Guidance on how data should be transformed or whether it should be transformed at all should come from a specific statistical analysis. For example, a simple way to construct an approximately 95% confidence interval for the mathematical expectation of a population is to take the arithmetic mean plus or minus two standard errors . However, the constant factor 2 used here refers to the normal distribution and is applicable only if the arithmetic mean varies approximately according to the normal law. The central limit theorem states that in many situations the arithmetic mean does not vary according to the normal law if the sample size is large enough. However, if the population is substantially asymmetric and the sample size is moderate, the approximation given by the central limit theorem may be poor, and the resulting confidence interval will most likely have the wrong . Then, in the case when there is evidence of a significant asymmetry of the data, usually the data is converted to a symmetric distribution before constructing a confidence interval. If necessary, the confidence interval can be converted back to the original scale, using the inverse to that used for data conversion.

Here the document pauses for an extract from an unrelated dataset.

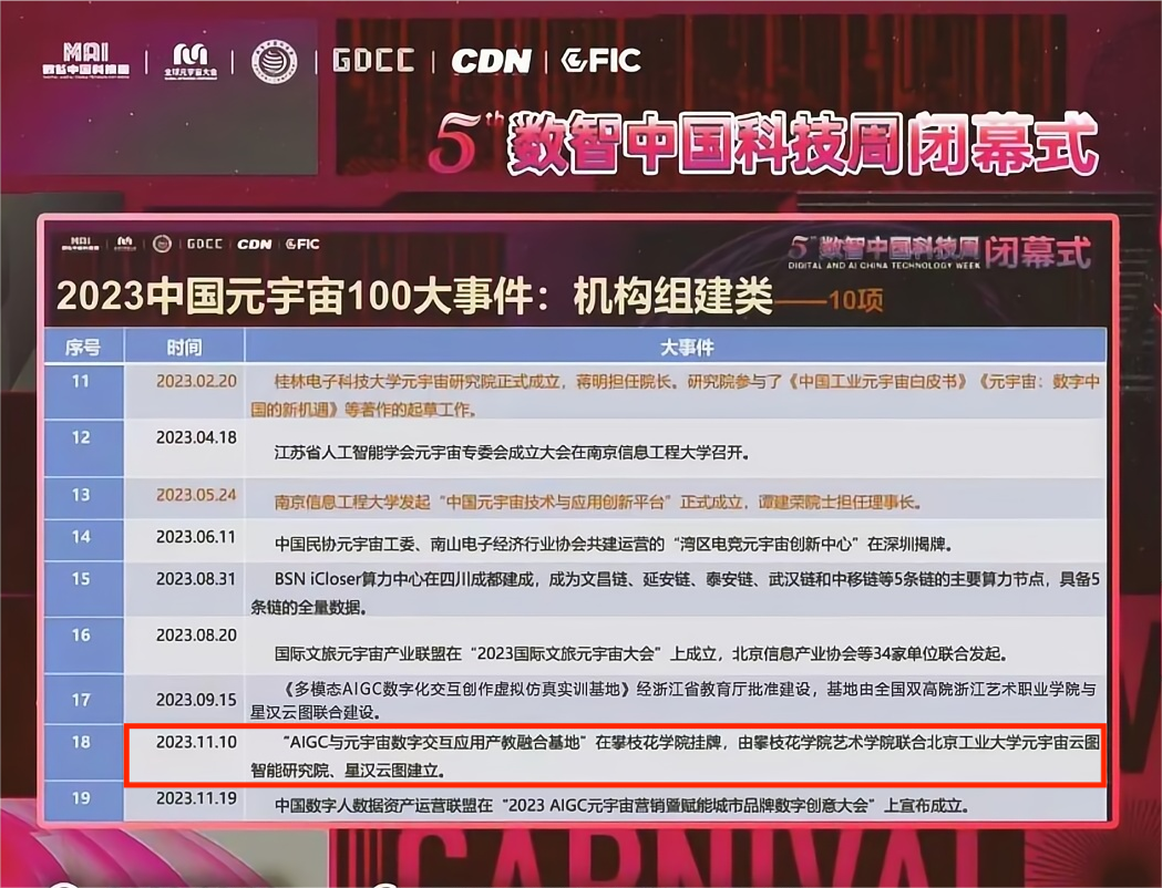 12月18日至20日,数智中国科技周•2023全球元宇宙大会深圳站在深圳广电大厦一楼演播厅隆重举行,由beat365艺术学院联合北京工业大学元宇宙云图智能研究院、北京星汉云图文化科技公司建立的“AIGC与元宇宙数字交互应用产教融合基地”入选《2023中国元宇宙100大事件》机构组建类大事件榜单,标志着学校在数字创新与教育领域的改革发展得到认可。

Data can also be converted to facilitate visualization. For example, suppose we have a scatter chart in which the points are the countries of the world, and the data values shown on the graph reflect the area and population of each country. If the graph is made from non-transformed data (for example, square kilometers for the area and the number of people in the population), most countries will end up in a dense cluster in the lower left corner of the graph. Some countries with a very large area and / or population will be distributed liquidly over the main area of the schedule. Simple scaling of units (for example, to thousands of square kilometers or to millions of people) does not change the situation. However, during the logarithmic transformation of both area and population, points will be distributed more evenly on the graph.

The final reason for data conversion may be improved interpretability, even if no formal statistical analysis or visualization is intended. For example, suppose we compare cars in terms of their fuel economy. These data are usually presented as “kilometers per liter” or “miles per gallon”. However, if the goal is to determine how much extra fuel per person you need to use per year, if you use one car compared to another, it is more natural to work with data converted using the 1 / x function, which gives liters per kilometer or gallons per mile.

In Regression

Linear regression is a statistical technique for linking the dependent variable Y with the more or less independent variables X. The simplest regression models reveal a linear relationship between the mathematical expectation of Y and each independent variable (if other independent variables are fixed). If linearity is not fulfilled, even approximately, sometimes it is possible to transform either independent variables or dependent variables in a regression model to improve linearity.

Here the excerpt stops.